What you have to do: Ignoring every picture, return the lines of the listing below word for word, from the line that holds "СЫР СОВЕТСКИЙ КИПРИНО 300 Г" through the line that holds "1978 ADIEU, POULET".

Data shown:
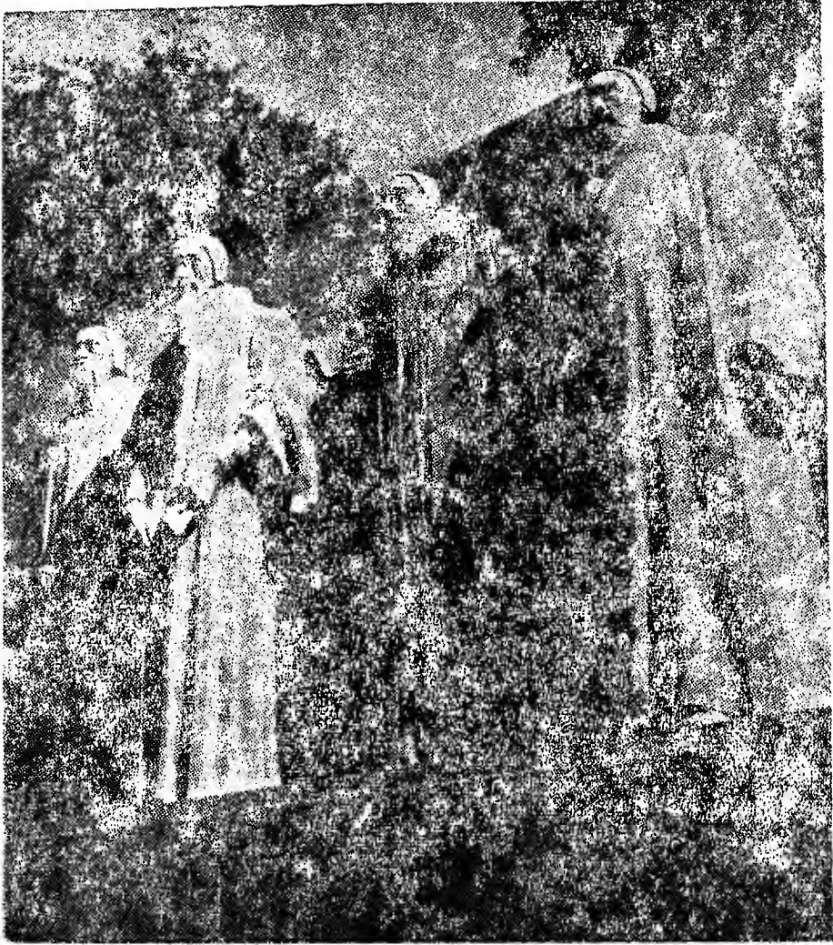
الصورة رقم (٥) النصب التذكارى للإصلاح الدينى (صفحة ٢٥٦)
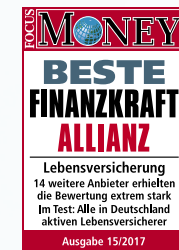
Beste Finanzkraft Ausgabe: 15/2017
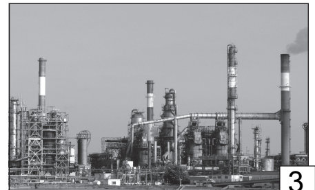
Doc. 6 Une raffinerie à Donges (Pays-de-la-Loire).
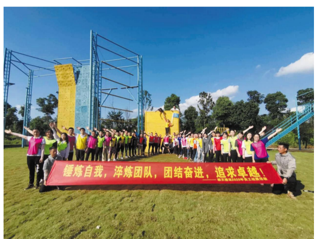
《企业文化建设》专题培训会。

下午的活动为“挑战毕业墙”，是以参加的全体员工为一个整体进行挑战，顺天建设精英团队克服重重困难，圆满的完成了任务，并在集团各个分子公司内以人数最多、时间最短通过了挑战，顺天建设的挑战成绩高高地写在了毕业墙上。
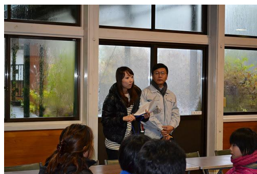
【12月 3日 開会・あいさつ】
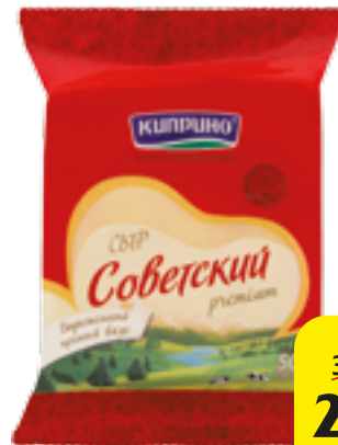
СЫР СОВЕТСКИЙ КИПРИНО 300 Г
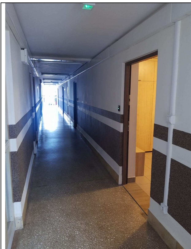
Zdjęcie nr 3 – korytarz jednego z skrzydeł budynku
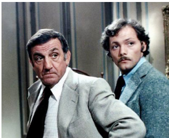
1978 ADIEU, POULET de Pierre Granier-Deferre avec Patrick Dewaere
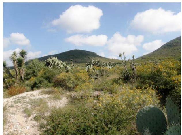
Figura 2. Vegetación (matorral xerófilo) en el Parque Ecológico Cubitos donde fue capturado el chipe patillado ( Geothlypis formosa ).
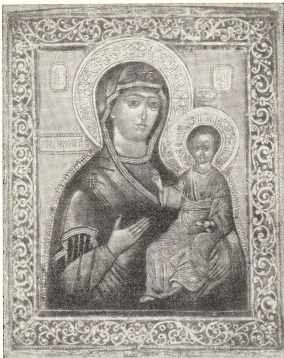
Смоленская икона Божией Матери «Одигитрия»

Как показали исторические исследования, а также археологические раскопки последних лет, установлено, что Смоленск — весьма древний город и по древности и культурному значению может соперничать с такими русскими городами, как Киев, Новгород, Чернигов и др.
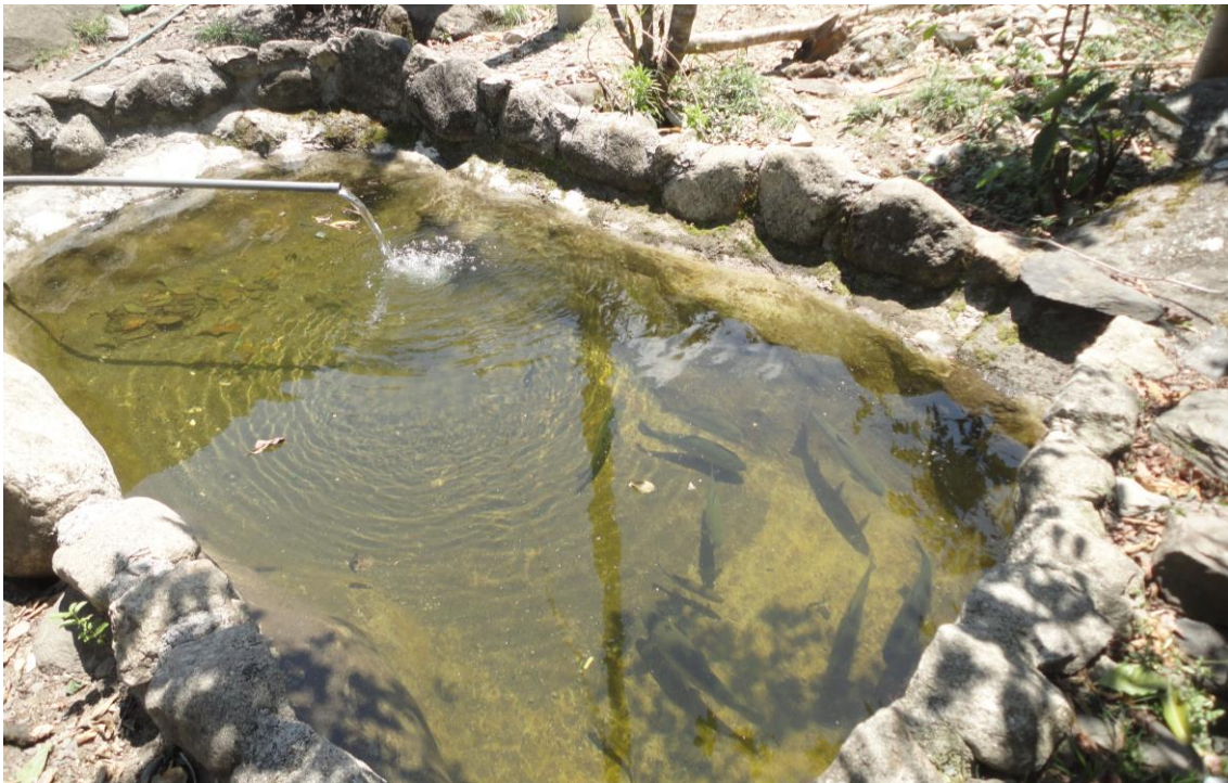
Foto 13: Pequeño estanque construido con piedras para el cultivo de trucha, Vilcabamba - Pucyura
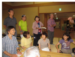
酔いもあってなんだかいい気分！
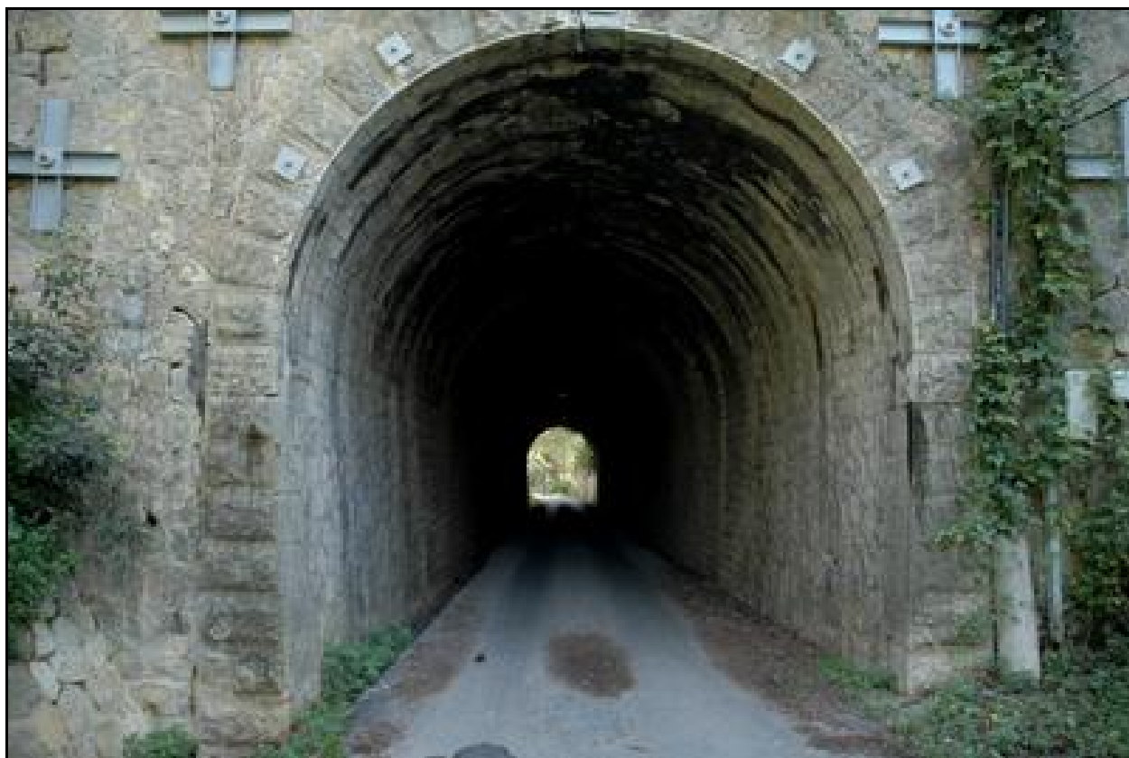
Belle vue de l'entrée et de la galerie du tunnel
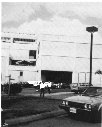
ハワイ大学キャンパス

サマー・セッション（夏期学校）は6週間で一学期分の授業を消化するので、学位にかかわる単位は6単位取得できる。サマー・セッションは12週間（3ヶ月）あるので、12単位まで取れる。サマー・セッションに出る学生は、休学していた人、単位を落した人、早く卒業したい人等の中心になっている。
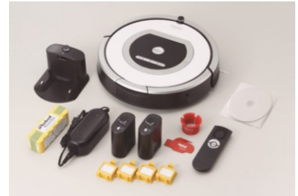
ルンバ 視覚障がい者モデル セット内容 イメージ

通常同梱資材の取扱説明書を音声化(CD2枚組) 本体操作ボタン上に2箇所、ホームベースに1箇所、凸点シールを貼付
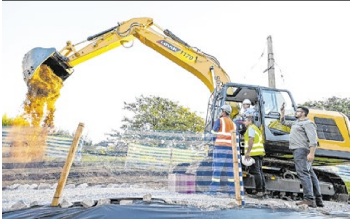
O governador Tarcísio de Freitas dirige trator em visita nas obras do Trem Intercidades
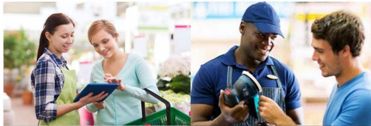
EQUIPIER POLYVALENT DU COMMERCE

Task response:
СЫР СОВЕТСКИЙ КИПРИНО 300 Г
Zdjęcie nr 3 – korytarz jednego z skrzydeł budynku
1978 ADIEU, POULET de Pierre Granier-Deferre avec Patrick Dewaere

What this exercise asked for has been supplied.